⟨
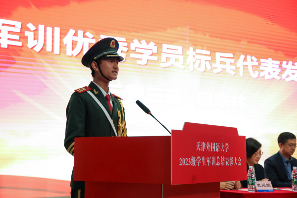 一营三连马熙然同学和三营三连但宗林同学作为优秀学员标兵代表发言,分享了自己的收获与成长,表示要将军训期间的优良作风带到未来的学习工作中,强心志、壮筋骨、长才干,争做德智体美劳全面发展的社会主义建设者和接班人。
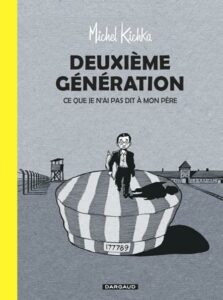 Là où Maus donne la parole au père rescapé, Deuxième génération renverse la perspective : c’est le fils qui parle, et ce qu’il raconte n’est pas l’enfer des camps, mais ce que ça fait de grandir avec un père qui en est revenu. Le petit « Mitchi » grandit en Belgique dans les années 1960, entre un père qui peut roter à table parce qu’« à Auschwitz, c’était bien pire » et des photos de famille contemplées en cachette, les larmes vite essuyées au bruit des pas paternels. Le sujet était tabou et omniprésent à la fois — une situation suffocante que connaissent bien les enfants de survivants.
⟩
⟨
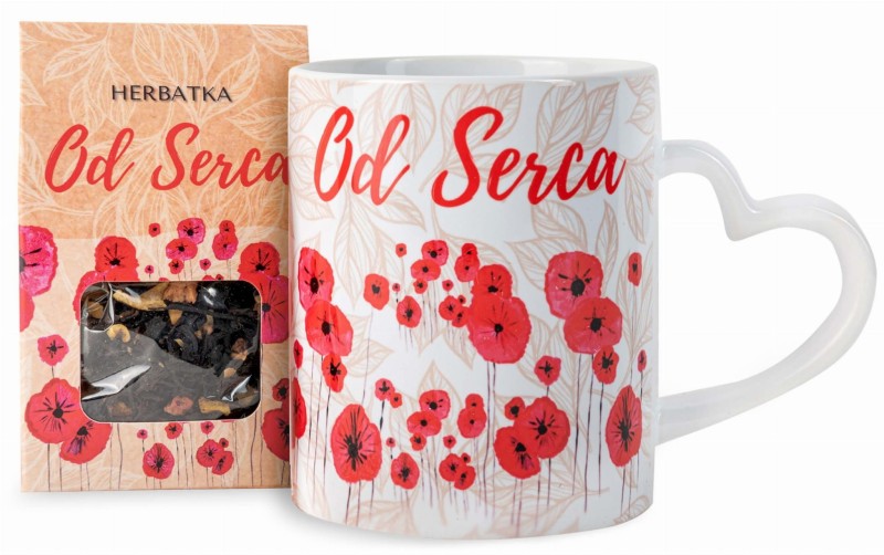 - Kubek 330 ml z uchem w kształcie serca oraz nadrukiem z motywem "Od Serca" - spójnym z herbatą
⟩
Instructions to follow> Within the listing above, print exactly the stretch beginning at the line that contains "一营三连马熙然同学和三营三连" and finishing at the line that contains "Là où Maus donne", ends kept, pictures left out, and nothing more.

Finished exercise>
 一营三连马熙然同学和三营三连但宗林同学作为优秀学员标兵代表发言,分享了自己的收获与成长,表示要将军训期间的优良作风带到未来的学习工作中,强心志、壮筋骨、长才干,争做德智体美劳全面发展的社会主义建设者和接班人。
 Là où Maus donne la parole au père rescapé, Deuxième génération renverse la perspective : c’est le fils qui parle, et ce qu’il raconte n’est pas l’enfer des camps, mais ce que ça fait de grandir avec un père qui en est revenu. Le petit « Mitchi » grandit en Belgique dans les années 1960, entre un père qui peut roter à table parce qu’« à Auschwitz, c’était bien pire » et des photos de famille contemplées en cachette, les larmes vite essuyées au bruit des pas paternels. Le sujet était tabou et omniprésent à la fois — une situation suffocante que connaissent bien les enfants de survivants.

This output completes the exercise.